HXT is newer and more actively maintained. It was designed despite HaXml
but maybe less stable than HaXml.
HTH Christian
HXT is newer and more actively maintained. It was designed despite HaXml
but maybe less stable.
HTH Christian
The other reason is that HXT's suite of functions is complete: Whatever
you do, you never need to know the data structure representing
documents. (The data structure is still exposed, if you really want, but
you don't get as much support.) This also means there are more functions
to learn. HaXML's suite of functions is incomplete: Most interesting
tasks are unsupported by the functions and you have to process the data
structure directly, e.g.,
http://thread.gmane.org/gmane.comp.lang.haskell.cafe/14466
So you end up feeling: its API is irrelevant anyway, just need to learn
three things: how to read file to tree, how to write tree to file, and
what is the tree structure in between. It is a kind of "much less to
learn", but more code to write.
I have a preliminary HXT tutorial at
http://www.vex.net/~trebla/haskell/hxt-arrow/
But I haven't covered modifying or producing new trees.

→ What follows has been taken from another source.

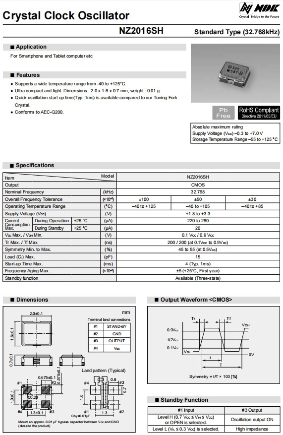 NZ2016SH-24.000MHZNSC5022C平板電腦晶振,NDK晶體振蕩器,日本NDK晶振,進口晶振,NZ2016SH型號是一款小體積晶振尺寸2.0x1.6x0.7mm四腳貼片晶振,32.768KHz晶振,石英晶體振蕩器,有源晶振,無鉛環保晶振,支持寬溫度范圍從-40°C到+125°C,超緊湊和輕,重量:0.01g,快速振蕩啟動時間(類型,1ms)是可用的相比,符合AEC-Q200,電源電壓(VCC)-0.3至+7.0 V,石英晶體振蕩器具有超小型,輕薄型,耐熱及耐環境特點,適用于智能手機,平板電腦,鐘表電子,無線網絡,藍牙模塊,可穿戴設備,汽車電子,醫療設備,物聯網應用等

The Haskell Wiki has another tutorial at
http://www.haskell.org/haskellwiki/HXT
with longer examples. But IMO it spends too much time on the now
obsolete "filter".
Cale Gibbard has another example at
http://cale.yi.org/index.php/HRSS
http://www.haskell.org/haskellwiki/HXT/Practical
is a (small, but hopefully growing) collection of some "real" examples
using HXT.
> I want to read in some (large) XML documents, crunch them around a
> little, and write out new documents. I'm currently doing it with a
> Python program using xml.etree.cElementTree but it's too darn slow.
>
It's slow because it have to build a document tree in memory.

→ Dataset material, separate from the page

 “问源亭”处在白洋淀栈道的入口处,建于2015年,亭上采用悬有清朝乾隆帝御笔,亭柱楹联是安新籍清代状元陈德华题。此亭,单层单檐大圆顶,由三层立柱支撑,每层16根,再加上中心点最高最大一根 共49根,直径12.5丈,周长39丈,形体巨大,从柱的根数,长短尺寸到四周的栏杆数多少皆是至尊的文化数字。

You should consider the use of SAX API, if possible.
By the way, I'm very new to Haskell.
I'm interested in how well it performs in the task of parsing XML files
(both speed and memory usage).
Regards Manlio Perillo
There are three libraries capable of XML.
HXT reads the whole file and keeps the whole tree in memory. (Its
advantage over the following two, however, is its API is richer, you can
write less code to do more.)
HaXml lets you choose the granularity of how much reading and building
per step. With the simplest coding, you still read the whole file and
build the whole tree. With more coding, you can read, build, discard
one subtree at a time.
TagSoup is the most fine-grained and low-level. It lazily reads the
file and returns a lazy list of "here is an open tag, here is some text,
oh here is another open tag, oh now here is a close tag..." It doesn't
verify open tags and close tags to match, however. This is probably
closest to SAX.
Funny this thread should revive after so long. I'm still interested
in the subject. I was just chatting about it a couple nights ago
online, and someone mentioned that there's a Haskell binding to expat,
so that should be on the list too.
> Manlio Perillo wrote:
>> By the way, I'm very new to Haskell.
>> I'm interested in how well it performs in the task of parsing XML files
>> (both speed and memory usage).
>
> There are three libraries capable of XML.
>
> HXT reads the whole file and keeps the whole tree in memory. (Its
> advantage over the following two, however, is its API is richer, you can
> write less code to do more.)
>
How are performance with very large XML files?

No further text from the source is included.